'''

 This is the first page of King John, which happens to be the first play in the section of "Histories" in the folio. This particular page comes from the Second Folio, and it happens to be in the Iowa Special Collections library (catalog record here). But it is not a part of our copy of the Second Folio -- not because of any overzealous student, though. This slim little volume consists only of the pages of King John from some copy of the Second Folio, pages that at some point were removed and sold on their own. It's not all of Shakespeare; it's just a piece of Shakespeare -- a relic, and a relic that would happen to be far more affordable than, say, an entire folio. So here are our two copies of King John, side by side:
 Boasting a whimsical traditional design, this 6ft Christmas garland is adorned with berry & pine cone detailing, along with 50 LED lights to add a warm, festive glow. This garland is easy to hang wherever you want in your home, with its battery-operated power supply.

'''
'''

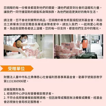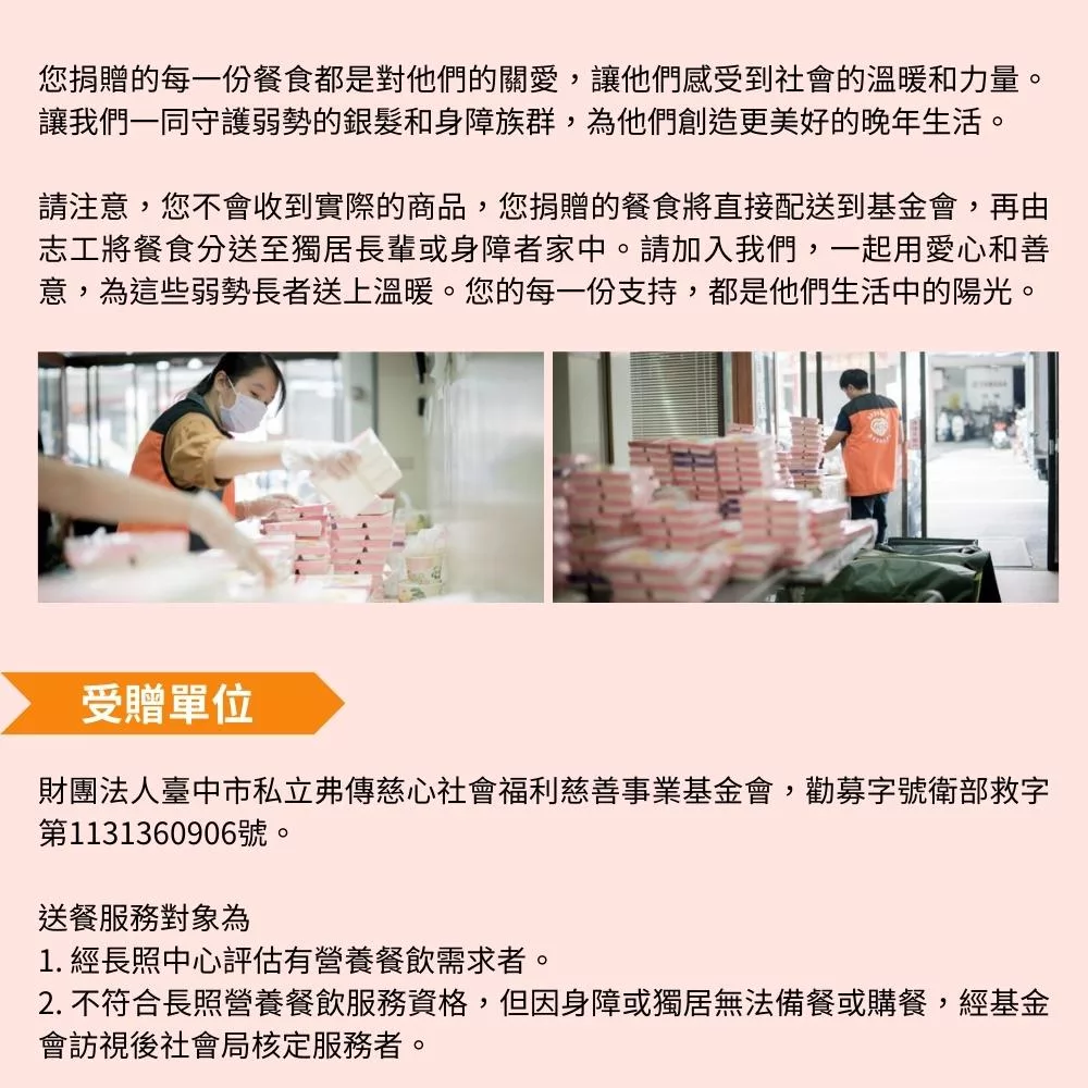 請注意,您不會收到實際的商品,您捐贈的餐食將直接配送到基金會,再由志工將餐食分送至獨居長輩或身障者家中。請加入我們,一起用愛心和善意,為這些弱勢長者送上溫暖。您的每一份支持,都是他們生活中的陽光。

'''
'''

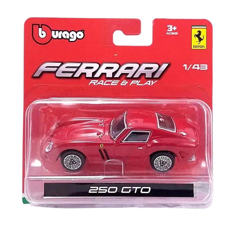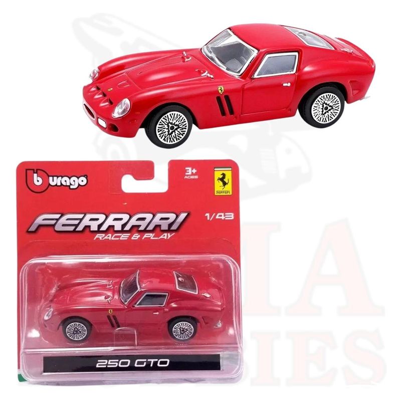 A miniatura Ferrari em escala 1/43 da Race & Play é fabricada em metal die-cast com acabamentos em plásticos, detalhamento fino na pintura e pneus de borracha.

'''

▶ Activity: Copy all lines from the data that hold the word "This".

▶ Output below:
 This is the first page of King John, which happens to be the first play in the section of "Histories" in the folio. This particular page comes from the Second Folio, and it happens to be in the Iowa Special Collections library (catalog record here). But it is not a part of our copy of the Second Folio -- not because of any overzealous student, though. This slim little volume consists only of the pages of King John from some copy of the Second Folio, pages that at some point were removed and sold on their own. It's not all of Shakespeare; it's just a piece of Shakespeare -- a relic, and a relic that would happen to be far more affordable than, say, an entire folio. So here are our two copies of King John, side by side:
 Boasting a whimsical traditional design, this 6ft Christmas garland is adorned with berry & pine cone detailing, along with 50 LED lights to add a warm, festive glow. This garland is easy to hang wherever you want in your home, with its battery-operated power supply.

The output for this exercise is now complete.